While a useful concept in the abstract, “expressivity” is difficult to quantify—especially on a proteome-wide scale. For this reason six separate predictors of expressivity were employed: protein abundance, transcript abundance, and adherence to codon usage bias, under both aerobic and anaerobic growth conditions. All comparisons between biosynthetic cost and expressivity were performed using like data (i.e., aerobic cost vs. aerobic expression data and anaerobic cost vs. anaerobic expression data).

Protein Abundance Data

Aerobic protein abundance data were drawn from the supplemental material of analysis by Ghaemmaghami et al. (2003). This study grew 1.7-ml cultures in a 96-well format to log phase. Sodium dodecyl sulfate (SDS)-polyacrylamide gel electrophoresis (PAGE)/western blot analysis was utilized to examine total cell extracts.

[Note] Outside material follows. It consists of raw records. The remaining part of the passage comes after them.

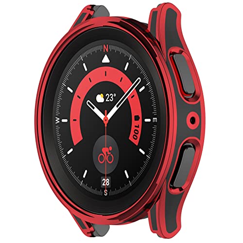 LOKEKE Compatibile con Samsung Galaxy Watch 5 Pro 45 MM PC Custodia protettiva con pellicola protettiva in vetro temperato (nero + rosso)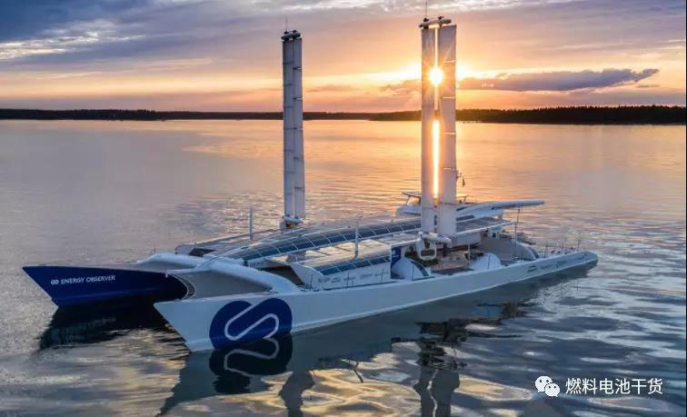Energy Observer集中驗(yàn)證和使用可再生能源發(fā)電+電解水+氫燃料電池的解決方案,將進(jìn)一步為綠色氫燃料電池的全面推廣提供案例和參考。Energy Observer搭載的燃料電池系統(tǒng)由豐田歐洲技術(shù)中心僅7個(gè)月時(shí)間設(shè)計(jì)并裝配完成。該船長31m、寬13m、高度12.85m、吃水2.2m、重量34t、有8名機(jī)組人員、平均航速4/5節(jié)(電力)。Energy Observer雙體船動(dòng)力系統(tǒng)主要由風(fēng)力發(fā)電、光伏發(fā)電、海水脫鹽系統(tǒng)、電解槽、壓縮機(jī)、儲(chǔ)氫瓶、燃料電池和能量管理系統(tǒng)組成。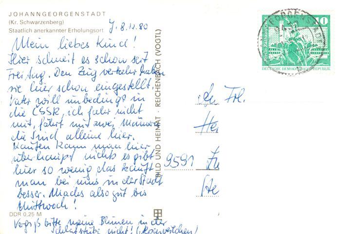 73947362 alte Postkarte Johanngeorgenstadt Schwibbogen Sauschwemme Steinbach Auersberg Erzgebirgsschanze postalisch gelaufen Erhaltung siehe scans [WerneD78] KatCode: 11110014191180

Anaerobic transcript abundance data were obtained from the Gene Expression Omnibus (http://www.ncbi.nlm.nih.gov/geo/), accession number GSM177360. The study performed a quantitative proteomic analysis of anaerobic and aerobic yeast cultures. The results were in the form of a protein expression ratio (anaerobic/aerobic). For this work, expression values for each protein were determined by multiplying the aerobic expression data described above (as generated by Ghaemmaghami et al. 2003] by the protein expression ratio. Proteins shown to be expressed under aerobic-only conditions were set to 0. Likewise, proteins shown to be expressed under anaerobic-only conditions were set to 0, as a ratio multiplication of aerobic data would be meaningless. The total number of proteins with anaerobic expression data was 626.

Transcript Abundance Data

Aerobic transcript abundance data were obtained from the supplementary materials of Holstege et al. (1998). Anaerobic transcript abundance data were obtained from the Gene Expression Omnibus (http://www.ncbi.nlm.nih.gov/geo/), accession number GSE5926. The study measured anaerobic transcriptional response to weak organic acids in chemostat cultures of S. cerevisiae. Reference (untreated) data were utilized in this study (average expression values of three reference data sets).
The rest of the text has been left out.